Brett Herriot Review

Little Shop of Horrors, Leith Theatre, Review:

MGA Presents Little Shop of Horrors, 

**** 4 Stars

Suddenly Seymour faces a new generation

37 years after its off Broadway debut and 31 since its famous movie adaption starring Rick Moranis, the smash hit black comedy musical from the Late Howard Ashman (books and lyrics) and Alan Menken (Disney Musical Legend) has been chosen by MGA as the swan song for the graduating 3rd years of the school of musical theatre and what a treat it is.

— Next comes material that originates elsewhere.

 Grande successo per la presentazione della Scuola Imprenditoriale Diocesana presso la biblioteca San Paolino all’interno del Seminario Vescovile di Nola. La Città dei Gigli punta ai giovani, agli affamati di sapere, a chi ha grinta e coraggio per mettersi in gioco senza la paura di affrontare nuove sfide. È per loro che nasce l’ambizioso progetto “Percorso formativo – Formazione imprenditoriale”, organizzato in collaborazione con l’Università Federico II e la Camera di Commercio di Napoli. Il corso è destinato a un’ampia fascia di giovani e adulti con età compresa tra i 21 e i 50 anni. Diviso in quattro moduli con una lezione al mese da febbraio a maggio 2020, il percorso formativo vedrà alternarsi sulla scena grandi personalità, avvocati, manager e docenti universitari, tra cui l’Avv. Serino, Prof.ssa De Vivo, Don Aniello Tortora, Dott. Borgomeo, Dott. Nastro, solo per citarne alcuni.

The musical is a loving homage to the 1960’s b movies conjuring a more innocent time, set in down town New York on Skid Row where the Mushnik Flower shop has hit hard times, until Seymour Krelborn (a wonderfully charming performance from Reuben Woolard) discovers a strange new plant that brings good fortune and changes lives and allows him to charm the love of his life Audrey (Grace McGill). The problem is the Plant, Audrey 2 (an R and B oozing turn from Eimear Burns) eats human blood and seeks world domination.

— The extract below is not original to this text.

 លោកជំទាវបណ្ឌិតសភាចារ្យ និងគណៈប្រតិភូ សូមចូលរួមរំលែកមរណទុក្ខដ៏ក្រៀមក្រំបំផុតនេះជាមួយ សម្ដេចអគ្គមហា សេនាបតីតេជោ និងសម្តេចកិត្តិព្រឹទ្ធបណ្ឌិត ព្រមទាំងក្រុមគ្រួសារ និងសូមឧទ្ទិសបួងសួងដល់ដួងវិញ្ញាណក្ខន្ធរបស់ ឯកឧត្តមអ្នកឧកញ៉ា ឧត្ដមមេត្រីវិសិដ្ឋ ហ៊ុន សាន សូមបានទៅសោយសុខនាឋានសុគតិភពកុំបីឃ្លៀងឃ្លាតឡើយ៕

Little shop is an interesting choice for a large company musical as it only has 8 principal parts and one of these is usually an off-stage voice, here Director Drew Gowland deploys a 23 strong company to bring skid row to life. Along with Choreographer Murray Grant and Musical Director Simon Hanson they have made brave choices.

Given that the company is female heavy, casting Laurie Audrey-Hill as psychopathic dentist Orin Scrivello gives the production a different slant turning Audrey bisexual, it a novel idea that gives the production a modern updating. Even Mushnik traditionally a male role is play by the sublime Sophie Douglas who sells every comedy moment and displays a shrewd sense of comedy timing.

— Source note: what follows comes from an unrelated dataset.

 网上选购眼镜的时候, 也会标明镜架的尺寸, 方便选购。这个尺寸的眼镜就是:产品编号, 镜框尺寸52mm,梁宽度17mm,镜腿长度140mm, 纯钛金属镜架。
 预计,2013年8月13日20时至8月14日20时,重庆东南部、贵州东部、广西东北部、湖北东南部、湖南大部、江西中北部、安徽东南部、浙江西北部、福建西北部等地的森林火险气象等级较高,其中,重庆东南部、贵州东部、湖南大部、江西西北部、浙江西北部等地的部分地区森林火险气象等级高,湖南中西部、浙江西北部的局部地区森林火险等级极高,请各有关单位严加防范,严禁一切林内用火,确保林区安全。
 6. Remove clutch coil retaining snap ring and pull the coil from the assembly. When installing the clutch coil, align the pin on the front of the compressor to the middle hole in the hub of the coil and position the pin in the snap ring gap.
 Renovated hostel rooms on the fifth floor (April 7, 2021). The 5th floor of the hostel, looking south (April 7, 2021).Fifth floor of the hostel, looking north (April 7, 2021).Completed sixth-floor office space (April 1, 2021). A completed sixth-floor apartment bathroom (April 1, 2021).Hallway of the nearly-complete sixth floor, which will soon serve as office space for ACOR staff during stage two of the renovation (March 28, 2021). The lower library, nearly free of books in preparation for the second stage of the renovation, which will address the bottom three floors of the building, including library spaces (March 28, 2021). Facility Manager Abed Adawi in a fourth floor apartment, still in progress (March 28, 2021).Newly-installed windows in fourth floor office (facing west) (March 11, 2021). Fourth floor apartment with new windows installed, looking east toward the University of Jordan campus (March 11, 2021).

The production performed in the faded splendour of the Leith Theatre actually works for it, its like sitting in skid row watching skid row and the charm of it all flows across the audience. Grant’s choreography is sharp and well judged with the occasional nod to other musicals such as fiddler on the roof and the company commit to it fully. Simon Hanson’s small on-stage band are first class delivering modern fresh musical arrangements especially on the big songs including “Skid Row” and the powerful “Suddenly Seymour” which is given the full Broadway production treatment and it’s wonderful to watch.

As the curtain falls on a production which is clearly giving Little Shop of Horrors to a new a generation there is a truly touching moment in the bows as this graduating class each get a moment to break the fourth wall and acknowledge that for them and MGA it’s the end of the road together. The big wide world of professional musical theatre awaits them. Gowland, Grant and Hanson have sent them on there way in style and for all of them big performing futures await them.

MGA Academy of the Performing Arts Presents, Little Shop of Horrors, Leith Theatre, Run Ended.